Study material Start Marker
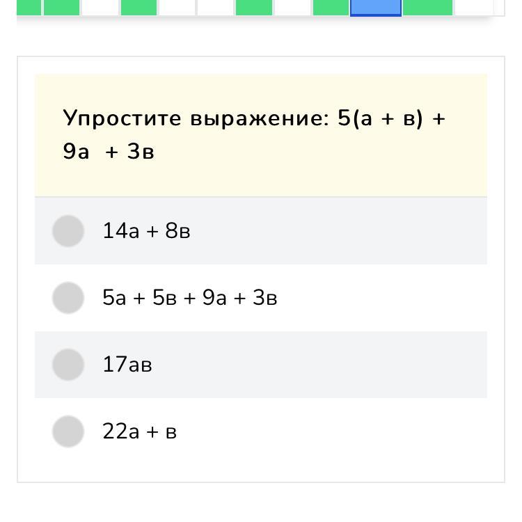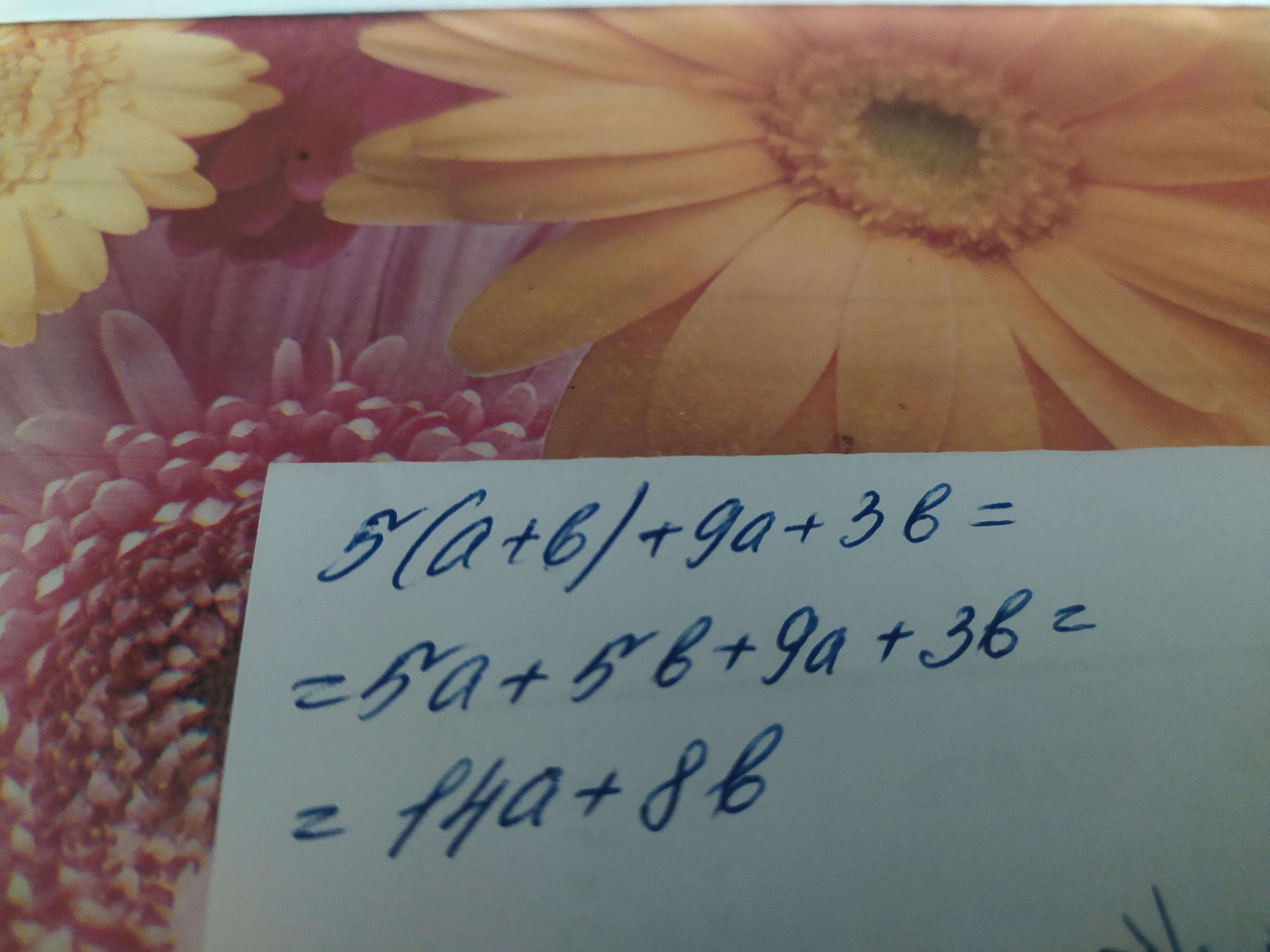 5 · (а + в) + 9а + 3в = 5а + 5в + 9а + 3в = 14а + 8в
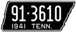 1941 | Embossed white serial on black state-shaped plate with border line; "1941 TENN." at bottom | 1-12345 10-1234 1D-1234 10D-123 |
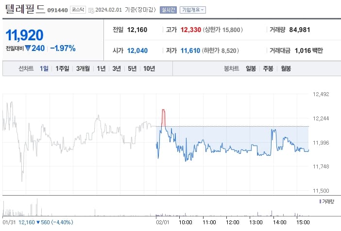 양자컴퓨터 관련주 : 텔레필드(091440)
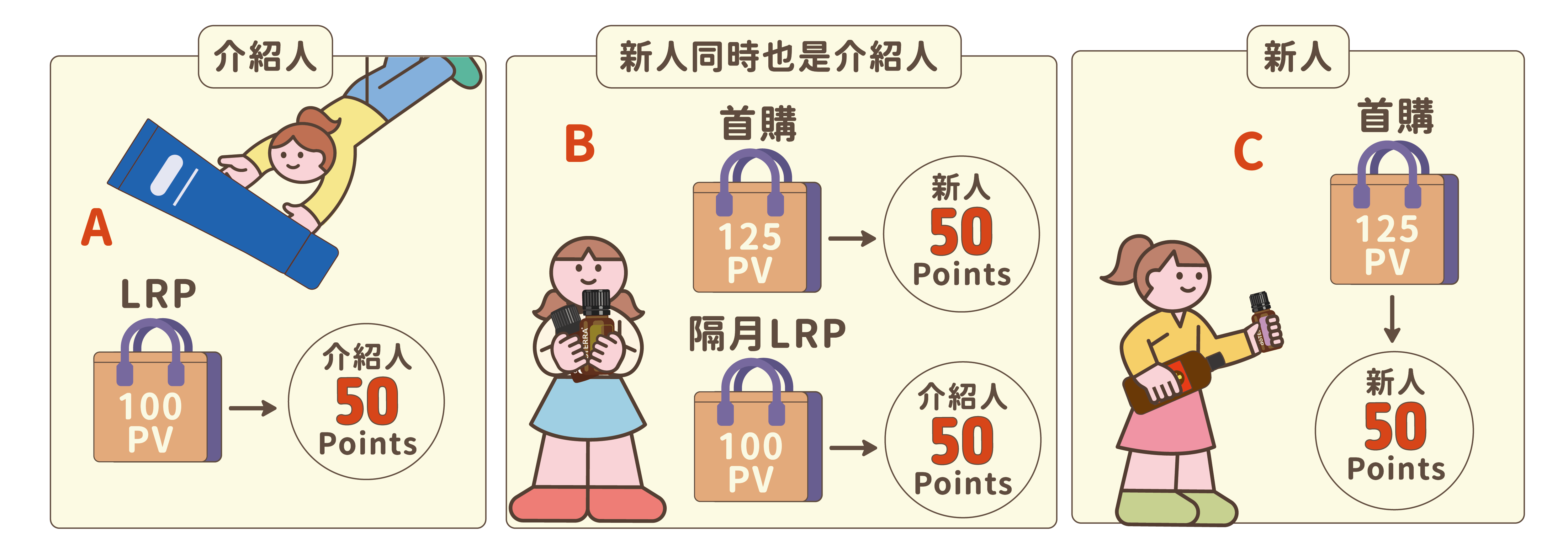 - 新人 B 於 11 月份入會當月、同時也介紹新人 C 入會,新人 B 並於 12 月份完成單筆 LRP 100PV 台灣市場訂單,則新人 B 可於 2026 年 1 月獲得擔任介紹人的 50 點產品點數。《請參考以下圖示》
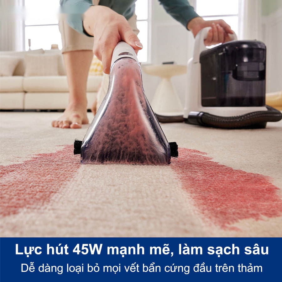 - Làm sạch thảm vượt trội với công suất hút mạnh mẽ 45W
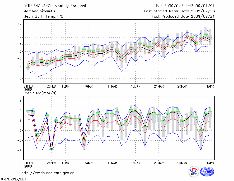 酒 泉 (LAT:39.77 LON:98.48) 2009-02-21        预测
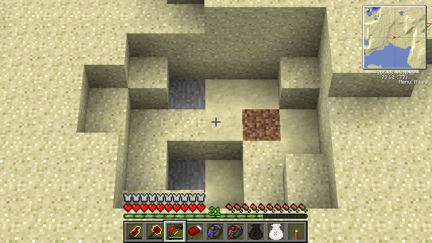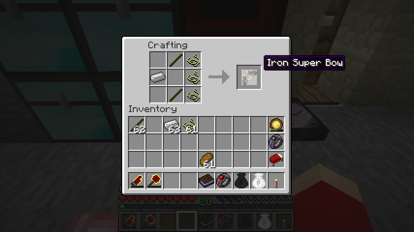 鉄インゴット、鍛えた棒、羽根で鉄の矢(Iron Arrow)*8。
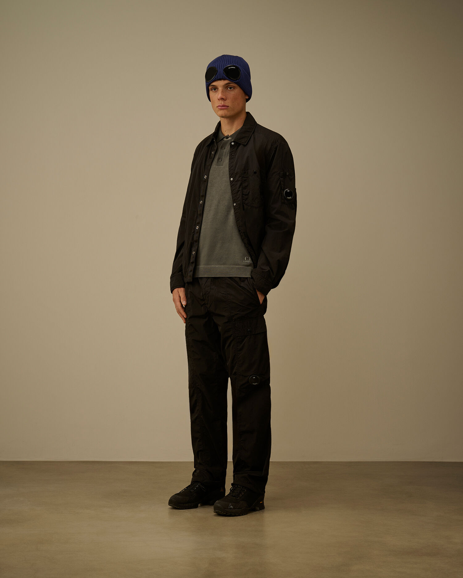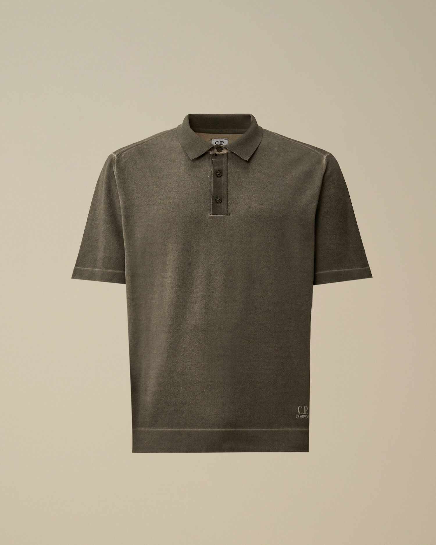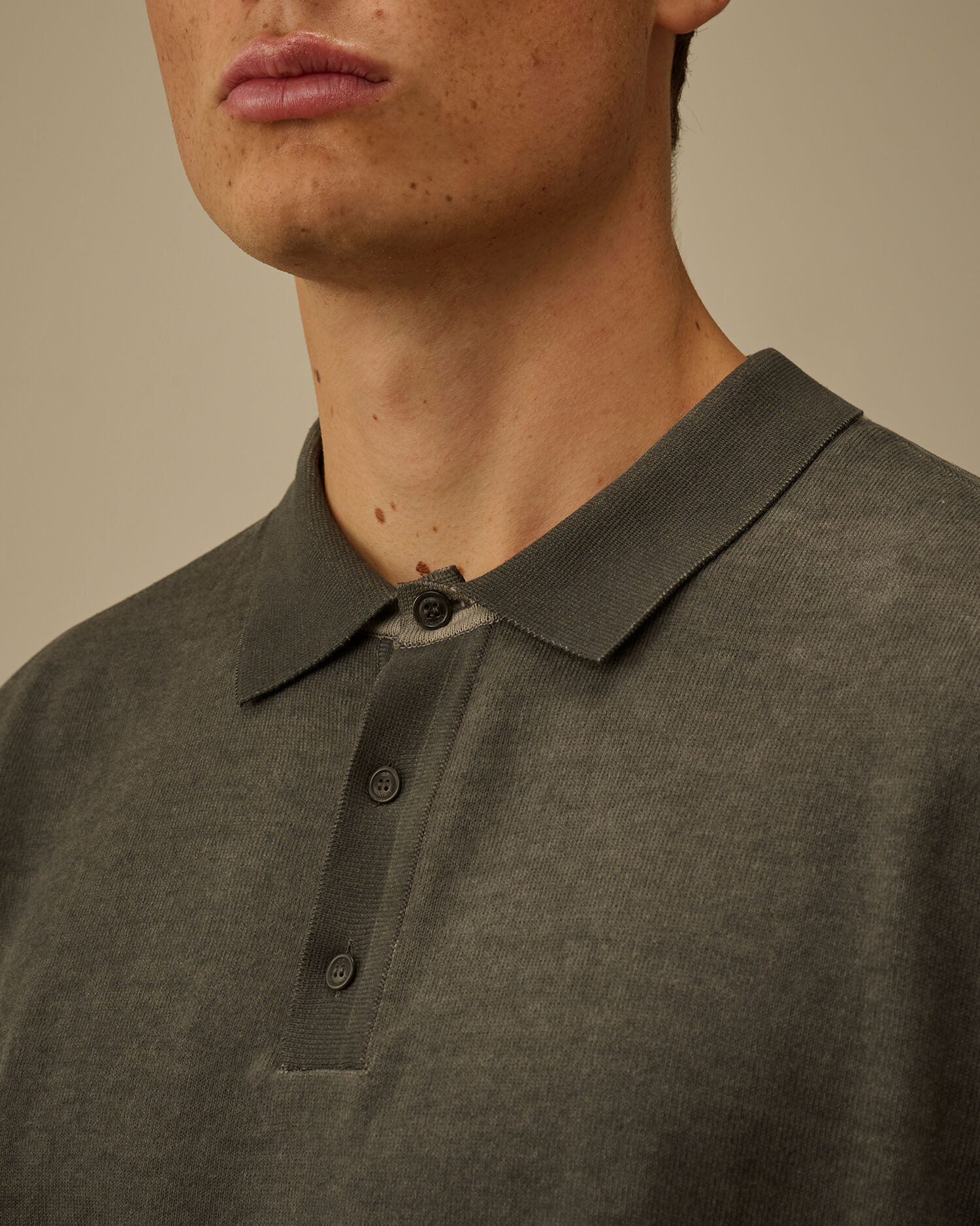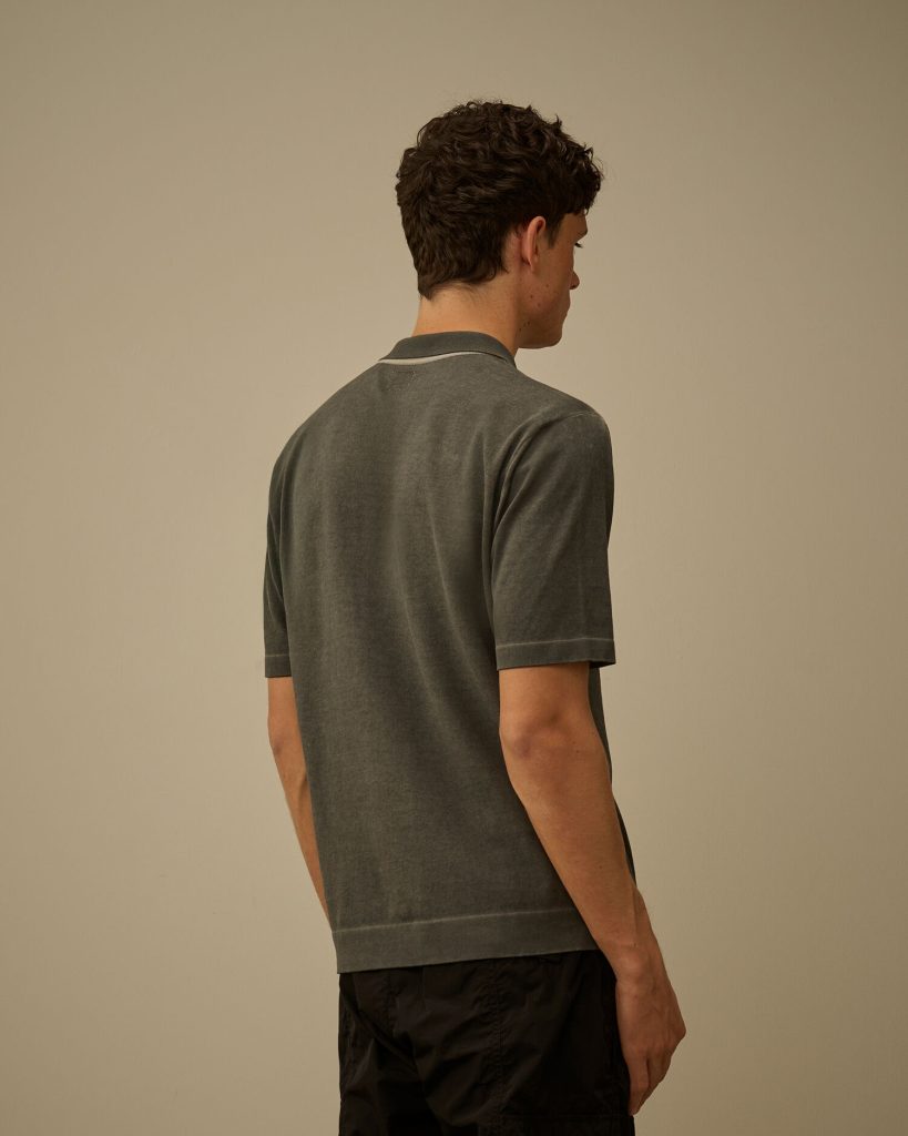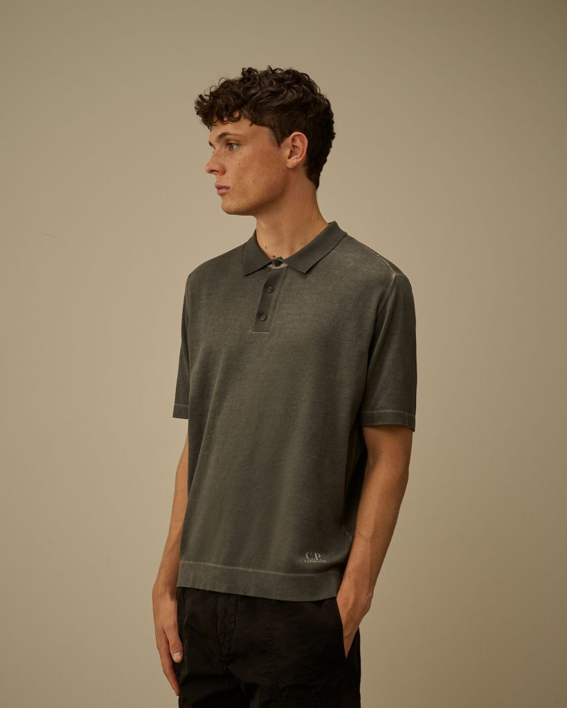Polo sweater crafted from cotton crepe, a lightweight and breathable fabric with a naturally irregular texture. The model features a ribbed collar with a three-button fastening and a printed logo on the hem. The garment undergoes a double cold-dyeing process: first, it is fully dyed, then the outer side is treated with a pigment spray colour, creating a subtle two-tone effect between the exterior and interior. Gauge 14. Made in Italy. Regular fit.
Study material End Marker
* **The task**: Please print an exact copy of the records, with no pictures.

* **Result**:
 5 · (а + в) + 9а + 3в = 5а + 5в + 9а + 3в = 14а + 8в
 1941 | Embossed white serial on black state-shaped plate with border line; "1941 TENN." at bottom | 1-12345 10-1234 1D-1234 10D-123 |
 양자컴퓨터 관련주 : 텔레필드(091440)
 - 新人 B 於 11 月份入會當月、同時也介紹新人 C 入會,新人 B 並於 12 月份完成單筆 LRP 100PV 台灣市場訂單,則新人 B 可於 2026 年 1 月獲得擔任介紹人的 50 點產品點數。《請參考以下圖示》
 - Làm sạch thảm vượt trội với công suất hút mạnh mẽ 45W
 酒 泉 (LAT:39.77 LON:98.48) 2009-02-21        预测
 鉄インゴット、鍛えた棒、羽根で鉄の矢(Iron Arrow)*8。
Polo sweater crafted from cotton crepe, a lightweight and breathable fabric with a naturally irregular texture. The model features a ribbed collar with a three-button fastening and a printed logo on the hem. The garment undergoes a double cold-dyeing process: first, it is fully dyed, then the outer side is treated with a pigment spray colour, creating a subtle two-tone effect between the exterior and interior. Gauge 14. Made in Italy. Regular fit.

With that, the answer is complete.